Morei os primeiros catorze anos da minha vida em uma praia minúscula e isolada, encravada na divisa entre Paraty e Angra dos Reis, no litoral sul do Rio de Janeiro. O lugar, com 300 casas e pouco mais de 800 habitantes, é uma dessas vilas artificiais, construídas para funcionários da usina nuclear. Nossos pais eram todos engenheiros, físicos nucleares, biólogos, cientistas em geral, e nossas mães eram todas professoras ou donas de casa. Eram muito poucos os que conheciam outra realidade fora daquela praia. Pobreza, discriminação, violência, poluição, congestionamento, qualquer coisa que viesse como produto direto ou indireto da modernidade nos era estranho. Não era raro parar a aula para que todos pudessem ver um avião passando, e a primeira vez que vi uma porta automática foi com 14 anos.
O mar, por outro lado, que muitos passam a vida sem ver, era uma presença insistente na nossa pequena vila, e uma das únicas opções de entretenimento. Crescemos construindo castelinhos de areia, surfando, empinando pipa e jogando futebol na sua borda. A praia, limpa, deserta e com ondas bravias, era limitada à areia quando éramos crianças e estávamos sozinhos. Experimentei a fúria do meu pai e de outros pais aos sete anos quando, numa tarde, acabei indo dar um mergulho com um amigo sem aviso prévio. Os adultos temiam o mar porque era um dos poucos jeitos de morrer por ali, mas conseguíamos encontrar outros. Meu vizinho de dez anos ateou fogo no próprio corpo com uma garrafa de álcool tentando destruir um formigueiro (alguns anos depois morreu em um racha no Rio de Janeiro), um amigo teve a cabeça aberta em um corte profundo durante uma briga de escola na segunda série, e ainda houve um que botou fogo na própria casa com uma vela quando tinha menos de dez anos.
“Crescer naquela praia proporcionou momentos inesquecíveis: olhar pela primeira vez a vida marinha com óculos de mergulho, ver os golfinhos fazendo graça pela manhã no caminho para a escola, ver o céu quase toda noite coberto de estrelas que não são possíveis de serem vistas na cidade grande, tudo isso foi bom.”

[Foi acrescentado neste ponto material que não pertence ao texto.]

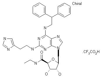 Protection of the 2',3'-diol group of adenosine (VII) as the corresponding acetonide (XII) was effected by treatment with 2,2-dimethoxypropane and p-toluenesulfonic acid. The primary alcohol group of (XII) was then oxidized to carboxylic acid (XIII) using KMnO4. After conversion of (XIII) to acid chloride by means of refluxing SOCl2, coupling with ethylamine furnished amide (XIV). Displacement of the 2-chloro of (XIV) by histamine (XV) in hot DMSO produced adduct (XVI). The acetonide group of (XVI) was finally deprotected using aqueous trifluoroacetic acid.

Fora isso, e as brincadeiras de rua (o jogo conhecido em São Paulo como “taco” e em qualquer outra parte do mundo como “bete” ou “bets”, era o mais popular), não havia o que fazer. O comércio se restringe até hoje a uma padaria, um açougue, uma farmácia, um restaurante por quilo, um salão, uma loja de roupas, uma academia e uma lanchonete. O cinema e o hospital mais próximos ficavam a 12 quilômetros de distância, e se alguém quisesse ir a um McDonald’s deveria encarar uma viagem de duas horas e meia pelo menos. Éramos compelidos à natureza por motivos de força maior, mas gostávamos de videogames, luzes, efeitos visuais e coisas importadas. Meu pai, que mora lá até hoje, de vez em quando dirige 250 quilômetros até o Rio de Janeiro para passar o dia no Barra Shopping.

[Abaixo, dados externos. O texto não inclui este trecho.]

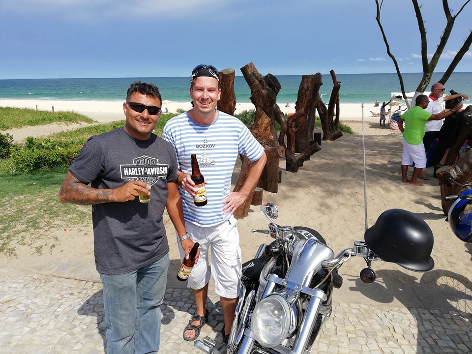 Štrádujeme si to tady v Riu u pláže, a hele, HDčko 🙂 Jdu zkusit pokecat s majitelem motorky, i když tenhle klub rozhodně neznám. Touha pokecat s brazilským motorkářem je velká.

Crescer naquela praia proporcionou momentos inesquecíveis: olhar pela primeira vez a vida marinha com óculos de mergulho, ver os golfinhos fazendo graça pela manhã no caminho para a escola, ver o céu quase toda noite coberto de estrelas que não são possíveis de serem vistas na cidade grande, tudo isso foi bom. Mas hoje é difícil pra muitos de nós passar mais do que uma semana por ali sem morrer de tédio. Um dos meus amigos, o Paulo, sequer visita a casa do pai. Prefere esperar que ele vá visita-lo no Rio de Janeiro, onde há vida noturna. Uma vez tomado pelo ritmo da urbe, é difícil voltar ao marasmo daquela praia sem sentir a estagnação no tempo. Para outros, em contrapartida, é um alívio voltar para lá e poder pegar onda, ir de caiaque até alguma das ilhas próximas à orla ou fumar maconha todo dia sem se preocupar com nada além de botar a cerveja para gelar.

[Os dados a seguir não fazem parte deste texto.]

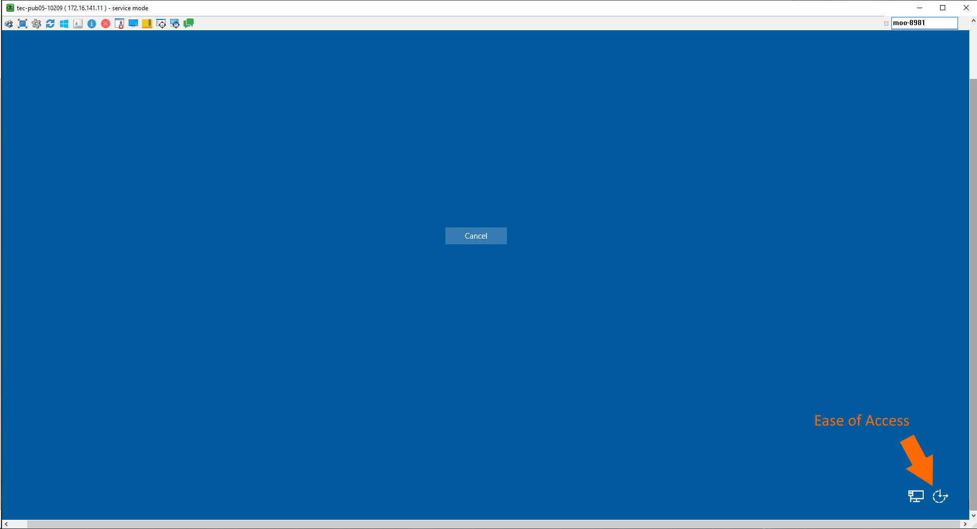 Press CTRL+ALT+DEL and you will see a lock screen with just a cancel button and two icons in the lower right corner: Network and Ease of Access

O que salva o resto da sanidade mental de nossos pais, hoje em vias de se aposentar, é a TV a cabo e a internet – maneiras de se conectar com o mundo mesmo vivendo em estado de isolamento constante. É o que fazem depois que chegam do trabalho. Ligam a TV e acessam a internet. A praia mesmo, quase ninguém vai. Enche o saco. Passamos o dia na internet e damos risada dos amigos que nos visitam no verão e dizem que poderiam morar ali facilmente, porque aquilo sim era um paraíso. Como diria aquela música do Talking Heads, se isso é o paraíso, amigo, então me dá um cortador de grama.